Begin by removing the meat from the bird. If there is meat left, it will not hurt you, there will just be some meat sediment in the broth. No biggie.
Prepare the garlic by removing the skin and breaking into individual cloves. Cut the onion into quarters. Cut the carrots and celery into 3-4” pieces.
Place the bird, bones, scraps into the pot. Add garlic cloves, onion, celery, carrots, peppercorn, and fresh herbs.If desired: squeeze the juice from one lemon or add 1 oz. vinegar into the pot. This will help draw out the collagen from the bones.
Fill the pot up with water. Leave 1” of room at the top to prevent any spilling. Cover and simmer very low for up to 24 hours. The longer you simmer, the more collagen will come from the bones. Simmering for 6-8 hours will result in chicken broth, and 24 hours will result in bone broth.Note: Bone broth will become gelatinous, whereas broth will be transparent.
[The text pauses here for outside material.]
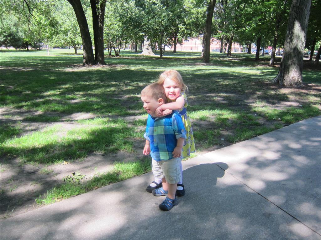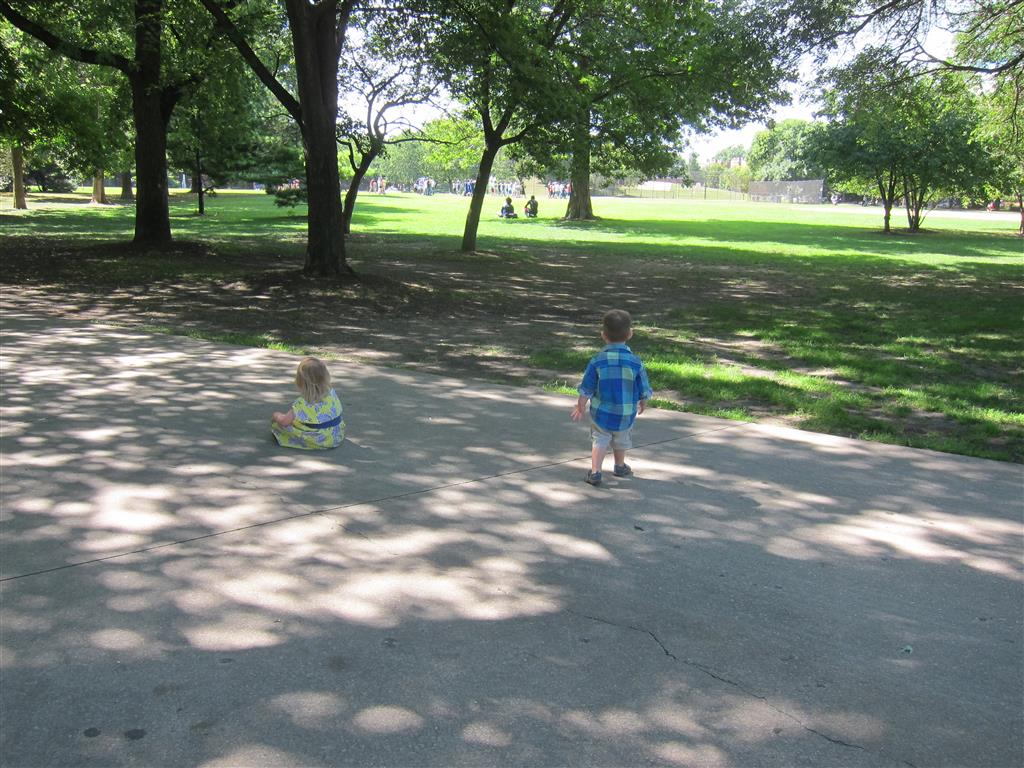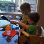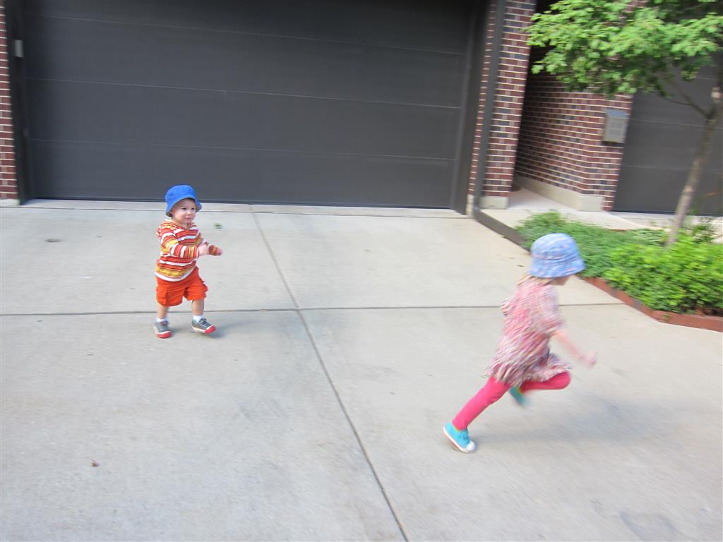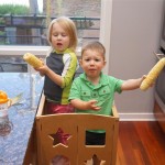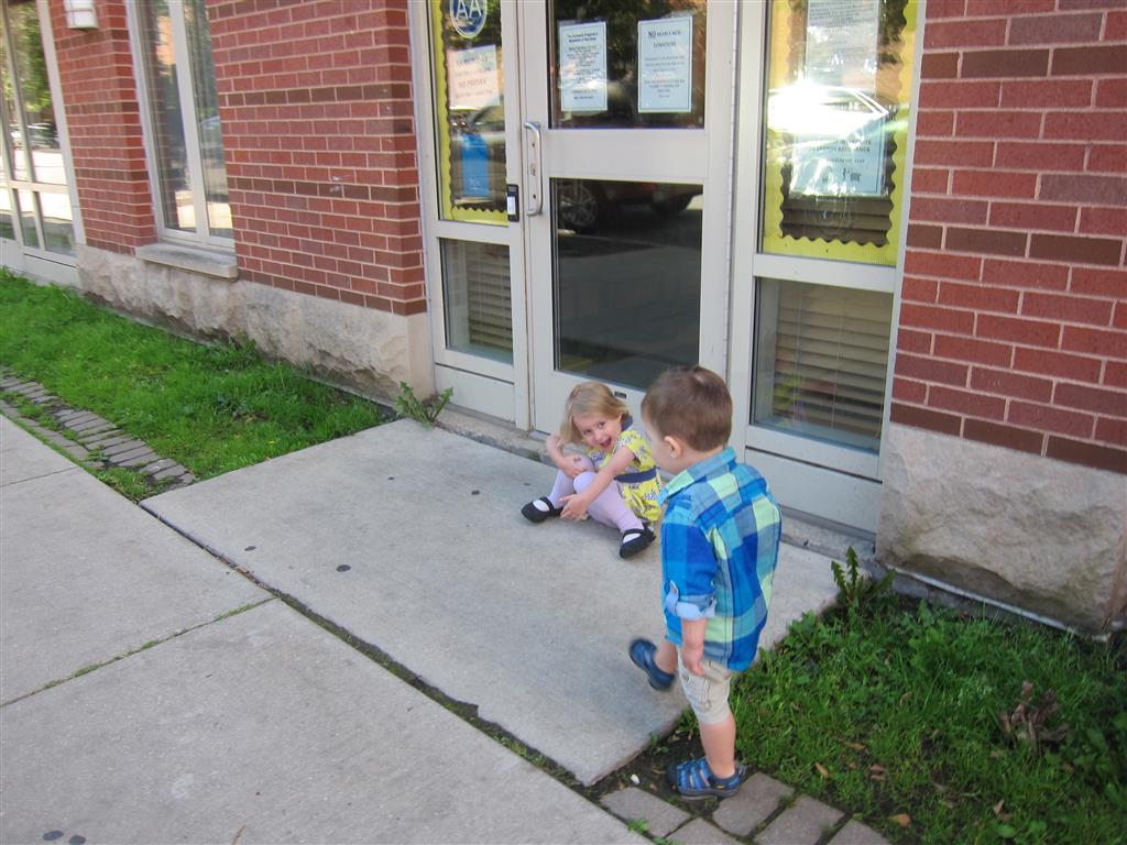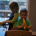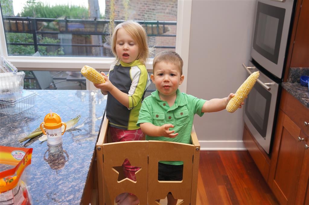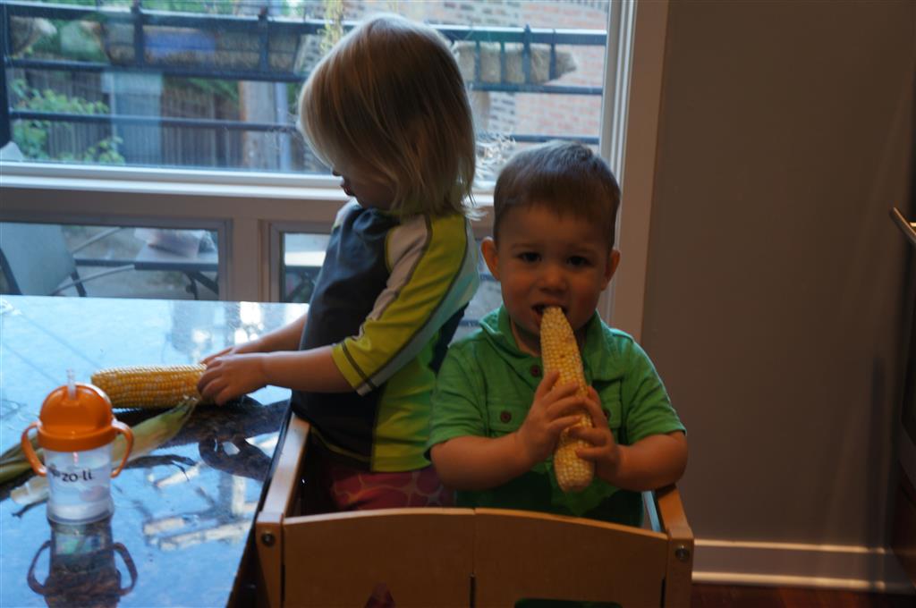 Eleanor and Henry had a fun week including a trip downtown to see the “Cat in the Hat” play. They were both a little restless while we were waiting in our seats for the play to start, but both were engrossed once it started. Eleanor gave the biggest grin during the “Would you like to shake hands with Thing 1 and Thing 2” part :) Other fun activities this week included making corn on the cob and visiting the nature museum. We also did a photo shoot for Eleanor’s third birthday – I’ll post those as soon as I have them. On the way home from that photo shoot, Eleanor and Henry took turns running ahead and sitting in doorway until Mom caught up. Once Eleanor did it the first time, Henry was hooked and he continued the “sit down in a doorway while we are walking on the sidewalk” all week. Henry has added a few words – “pool” and “excuse me” come to mind. We also started a new swimming class this week – so far the jury is still out. Henry’s class was pretty similar to the old one, but Eleanor’s was without Mom or Dad in the water. The good side is that they are working on more advanced lessons, the bad side is that she was a bit scared being alone and didn’t want to participate. Hopefully she is more comfortable next week. Henry is getting very daring with stairs and steps – he is determined to figure them out and will just step right off a regular sized stair with a look of great confidence – but if Mom or Dad weren’t right there to catch him, it wouldn’t end well. He is getting better – and I bet soon he will have it figured out.

Once the broth is ready. Allow it to cool slightly and carefully remove the carcass and all ingredients that you can with tongs. Then pour the liquid through a strainer set in a large bowl (you could even use cheese cloth), to remove debris and peppercorns. Toss the sediment and debris, then ladle the broth into your selected container (muffin tin, zip lock, mason jar, or other container).
Refrigerate or freeze if desired. Follow the steps above for tips for freezing. The broth will last 2 months in the freezer or 5 days in the fridge. Enjoy!